4. Hak Asasi Manusia yang Mendasar untuk Perlakuan yang Sama dengan Perhatian
Khusus pada Konvensi Eropa Tentang Hak Asasi Manusia
Pengadilan bisa dikatakan tidak mempunyai sumber-sumber yang cukup untuk
memutuskan tuntutan hukum, akan tetapi pengadilan biasanya menggunakan tiga
sumber utama yaitu: Piagam Sosial Eropa, Konvensi Eropa tentang HAM(ECHR),
dan konten bersama tradisi kontitusional Negara-negara Anggota.
Pengadilan mengacu pada EHCR sebagai konvensi internasional tentang
HAM yang fundamental, karena pasti bermaksid untuk memasikan larangan
diskriminasi dari sudut pandang hak-hak dasar.

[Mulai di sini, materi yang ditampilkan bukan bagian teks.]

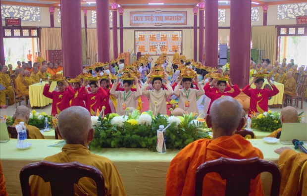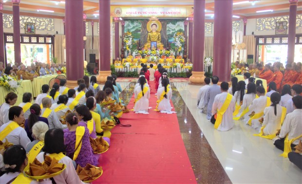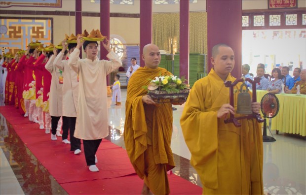 Trong không khí trang nghiêm của mùa Vu lan hiếu hạnh, nghi thức bông hồng cài áo đã trang trọng được cử hành. Cùng với đó là lễ diễu Y và cúng dường Pháp Y Ca-sa lên chư Tôn đức Tăng Ni.
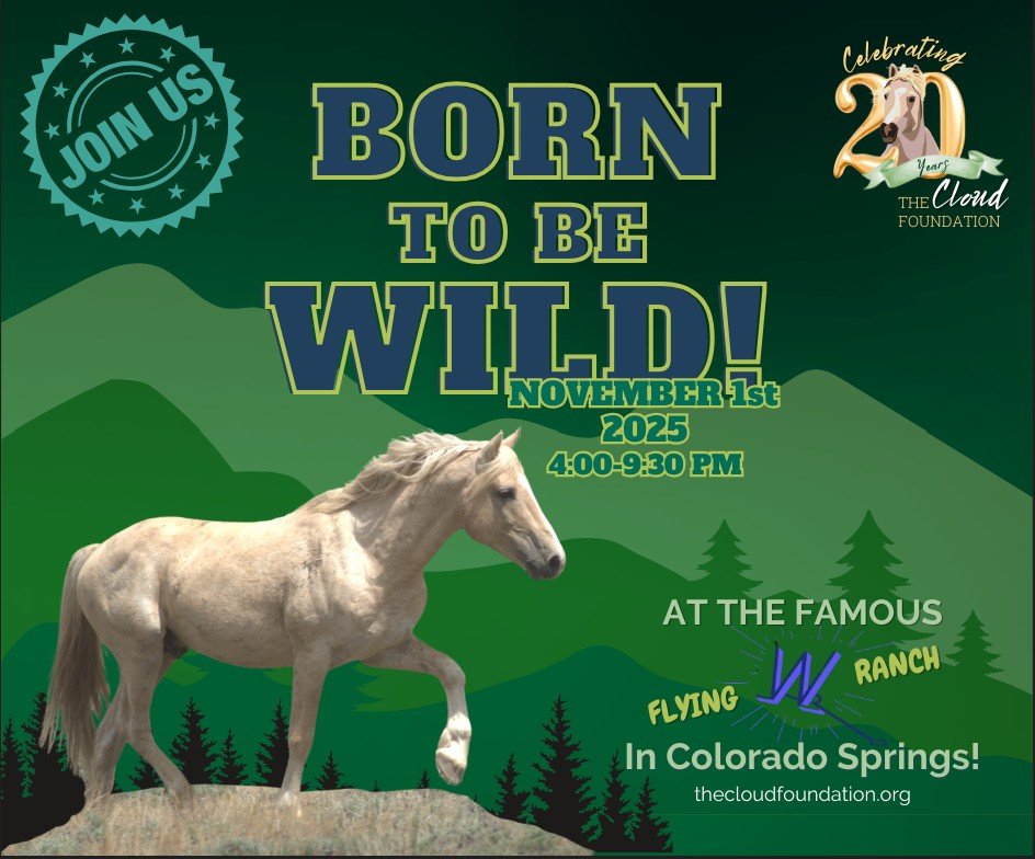Join The Cloud Foundation for Born to Be Wild 2025 — an unforgettable evening celebrating 30 years of the legendary wild stallion Cloud’s legacy, 20 years of wild horse and burro advocacy, and the enduring magic of America’s wild equines.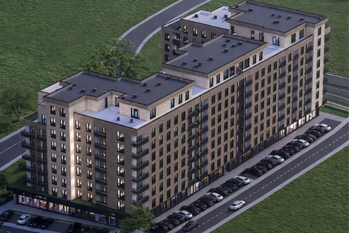 Moderne Wohnanlage in Prizren mit eleganter Ziegelfassade, hellen und funktionalen Wohnungen, großzügigen Balkonen, Innen- und Außenparkplätzen sowie Grünflächen, die Ruhe und Komfort in der Nähe aller notwendigen Dienstleistungen bieten.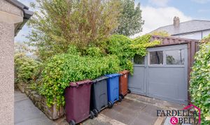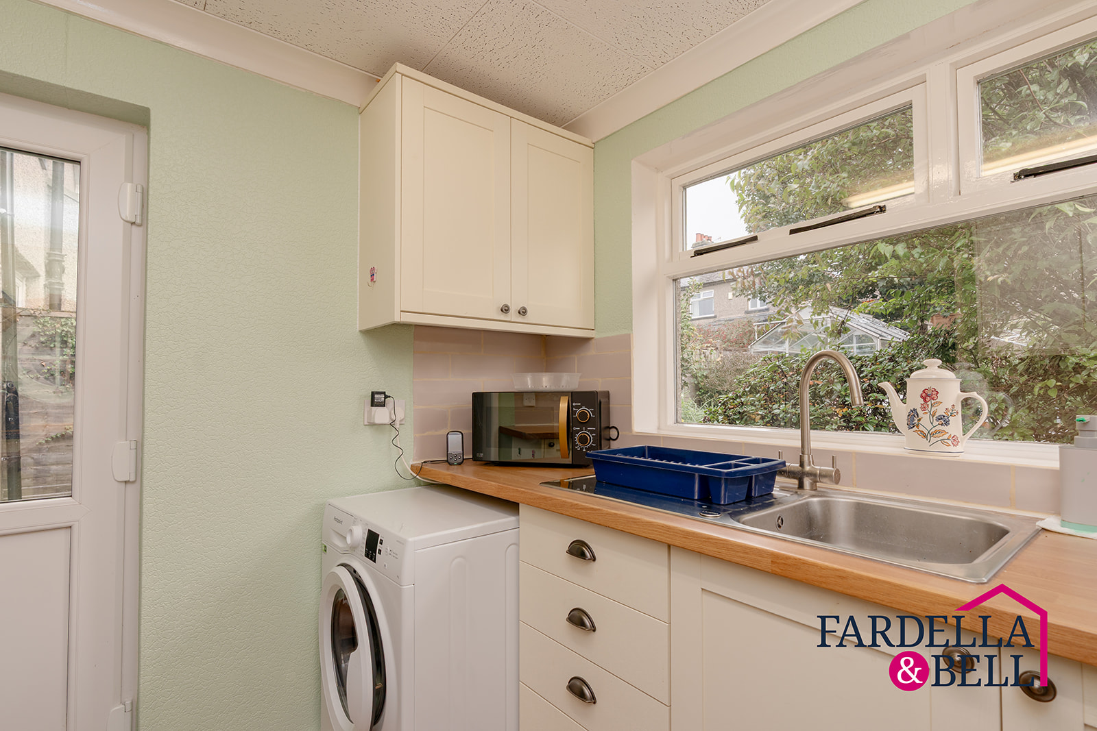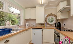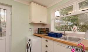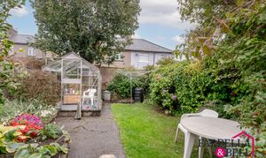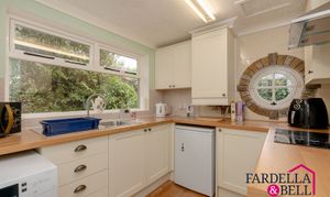 The modern kitchen stands out with its sleek cabinetry, integrated appliances, and unique circular window, making it both functional and stylish. Two comfortable bedrooms benefit from large windows, neutral décor, and plenty of storage, offering restful retreats for all household members. The stylish bathroom features a contemporary sink fixture and a large window for light and privacy. Outside, the private rear garden is beautifully landscaped with a lawn, mature shrubs, and an inviting outdoor seating area - ideal for alfresco dining or unwinding in peaceful surroundings. With a greenhouse and storage shed, this property also caters to gardening enthusiasts and those seeking extra storage. This home presents an ideal opportunity for families or professionals seeking space, comfort, and a harmonious indoor-outdoor lifestyle.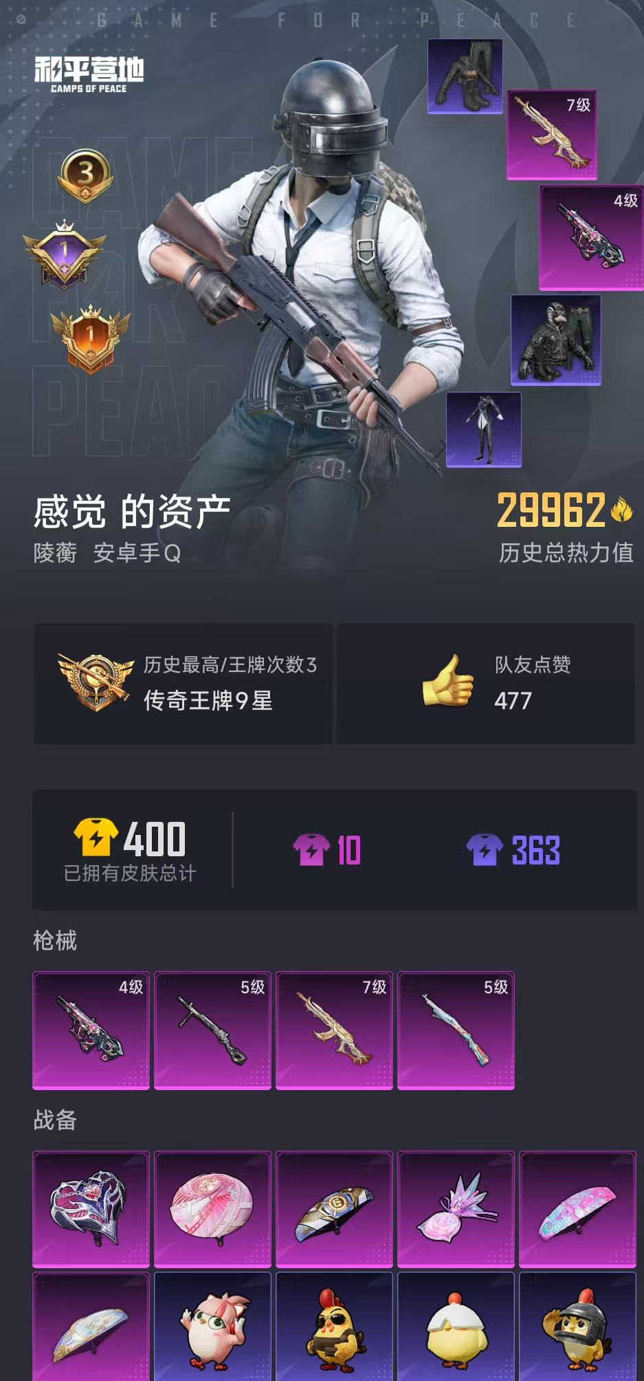 【和平精英】【lyhp21048】0粉装,4特效呛,0载具,历史最高段位:传奇王牌9星 王牌印记3次 热力值:29962,97套装,114呛械,110装备,70战备;套装:套装-特训学院,套装-猎鹰,套装-青年教官,套装-橘黑制服,套装-红色运动,套装-黄色运动,套装-蓝色运动,套装-黄色伏地魔,套装-白色伏地魔,套装-黑色伏地魔,套装-竞技名士,套装-深蓝色名流,套装-酒红色名流,套装-湖蓝色名流,套装-猛禽,套装-长空猛禽,套装-漫步者,套装-海岛探路者,套装-雨林探路者,套装-冷焰舞者,套装-灼焰舞者,套装-战地督导,套装-特殊使命,套装-燃烧卡路里,套装-鹰眼刺客,套装-完美偶像,套装-人气偶像,套装-幻影武者,套装-街头潮人,套装-蓝彩潮人,套装-魅力单车,套装-绮丽涂鸦,套装-耀眼新星,套装-竞技达人朋克,套装-超能勇士,套装-破晓战魂,套装-幻世保卫者,套装-都市魅力,套装-烈火街头,套装-血色贵族,套装-夏日倾情,套装-缤纷果语,套装-龙魂突击队,套装-元素星魂,套装-极速红龙,套装-粉红小猪,套装-破蛋小黄鸡,套装-霓虹街区,套装-白糯汤圆,套装-战术大师,套装-耀粉歌者,套装-光之冒险,套装-绯格组合,套装-王牌教练,套装-柠萌假日,套装-龟仙人,套装-ss25特训,套装-香桃花海,套装-龙的传人,套装-冰河战士,套装-ss26特训,套装-漫游都市,套装-空岛之星,套装-云魄琉璃,套装-ss27特训,套装-恋语绒绒,套装-老实芭蕉,套装-ss28特训,套装-街头风暴,套装-海盐绵绵冰,套装-蝶变,套装-ss29特训,套装-异域银装,套装-星途旅人,套装-ss30特训,套装-ss31特训,套装-智谋强哥,套装-ss33特训,套装-巳巳如意,套装-ss32特训,套装-青翼流星,套装-顶瓜瓜,套装-狂鲨锋刃,套装-大橘大利,套装-炫彩糖果,套装-元气之梦,套装-ss34特训,套装-游乐,套装-薄荷星砂,套装-ss35特训,套装-午间小调,套装-风迹短诗,套装-粉黛兰香,套装-ss36特训,套装-雪国风尚,套装-超能元气,套装-萌鸡速递;呛皮:scar-l-红色方程式,scar-l-夜灯,scar-l-彩虹符号,scar-l-星途旅人,scar-l-海盐豹豹,scar-l-冷漠罗丽,scar-l-绿洲时空,akm-破晓战魂,akm-霓虹街区,akm-涂鸦街区,akm-龙的传人,akm-霓彩脉冲,akm-绿洲时空,7级m762-鬼刀,m762-彩虹符号,m762-天降萌叽,m762-登顶巅峰,ace32-冰晶雪宝,蜜獾-天降萌叽,蜜獾-鸡智如我,蜜獾-风迹短诗,蜜獾-绿洲时空,蜜獾-乌木金纹,4级aug-罪夜之冕,aug-天降萌叽,aug-异域银装,aug-冰晶雪宝,aug-紫晶流影,m416-红色方程式,m416-糯团青竹,mk47-风迹短诗,famas-霓彩脉冲,famas-乌木金纹,groza-海盐豹豹,m16a4-冰河战士,m24-影袭,5级kar98k-巳巳如意,kar98k-金玉无双,kar98k-彩虹符号,kar98k-顶峰精英,莫辛纳甘-风迹短诗,svd-霓彩脉冲,amr-鸡智如我,amr-乌木金纹,awm-天降萌叽,awm-绿洲时空,win94-乌木金纹,m200-乌木金纹,mk14-冰河战士,mk14-薄荷星砂,mk14-紫晶流影,sks-炫彩节奏,mini14-炫彩节奏,mini14-香桃花海,mk20-h-星途旅人,mk20-h-狂鲨锋刃,mk20-h-乌木金纹,m417-玩趣呆呆,slr-金丰海韵,slr-霓彩脉冲,vss-香桃花海,mk12-风迹短诗,mk12-乌木金纹,汤姆逊-天降萌叽,aks-74u-鸡智如我,aks-74u-乌木金纹,p90-玩趣呆呆,p90-巳巳如意,p90-乌木金纹,mp5k-乌木金纹,uzi-天降萌叽,uzi-冰河战士,uzi-啾咪啾咪,uzi-月影灵韵,uzi-炫彩糖果,uzi-绿洲时空,ump45-夜灯,ump45-金玉无双,ump45-海盐豹豹,ump45-绿洲时空,vect-金玉无双,dbs-彩虹符号,dbs-风迹短诗,dbs-乌木金纹,s12k-破晓战魂,s12k-夜灯,s12k-玩趣呆呆,s12k-霓彩脉冲,s1897-糯团青竹,s686-巳巳如意,spas-12-狂鲨锋刃,spas-12-乌木金纹,pkm-啾咪啾咪,mg3-幻世战舞者,mg3-霓彩脉冲,5级dp-28-豹影疾电,dp-28-彩虹符号,mg-36-薄荷星砂,m249-彩虹符号,m249-糯团青竹,m249-冰晶雪宝,撬棍-冰晶雪宝,平底锅-空岛之星,平底锅-属我最6,破片手留单-呆爆全场,破片手留单-星途旅人,破片手留单-海盐豹豹,破片手留单-拽到爆炸,破片手留单-巳巳如意,破片手留单-爆破雪人,突击盾牌-绝对恒星,十子怒-异域银装,铝热弹-炫彩糖果,盐雾蛋-冰氧夏日;降落伞:炫彩糖果飞行器,空岛之星尾迹,异域银装飞行器,顶峰精英尾迹,狂鲨锋刃飞行器,破刃行动尾迹,鸡智如我飞行器,登顶巅峰飞行器; 详情看图1传奇印记4特效呛 4级罪夜之冕aug 满级鬼刀m762

Pasal 14 ECHR harus memainkan peran utama, menurut pasal ini pelarangan
diskriminasi berarti bahwa hak dan kebebasan yang dinyatakan dalam Perjanjian
harus dipastikan tanpa diskriminasi apa pun, mis. jenis kelamin, ras, warna kulit,
bahasa, agama, pendapat politik atau lainnya, nasional atau sosial asal, minoritas
nasional, situasi keuangan, kelahiran atau situasi lainnya.
5. Kesimpulan
Saya telah melihat hanya beberapa metode dan prinsip yang diterapkan oleh
Pengadilan, tetapi saya pikir kita dapat mendefinisikannya kesimpulan yang penting
baik dari aspek teoritis maupun praktis. Jelas, Pengadilan tidak memiliki pola yang
baik untuk kasus perlakuan yang sama, tetapi dengan tujuan bahwa setiap warga
negara dan karyawan Uni akan mendapatkan legal
perlindungan pada tingkat yang sama, akan berguna bahkan jika bukan untuk
menyeragamkan tetapi untuk membuat praktik hukum lebih bersatu. Diproses ini
konteks hukum dasar - yang telah saya tafsirkan di atas - memiliki peran yang
menentukan, dan untuk mengusahakan yang utama arah diferensiasi hukum dengan
cara yang jauh lebih konsekuen daripada sekarang.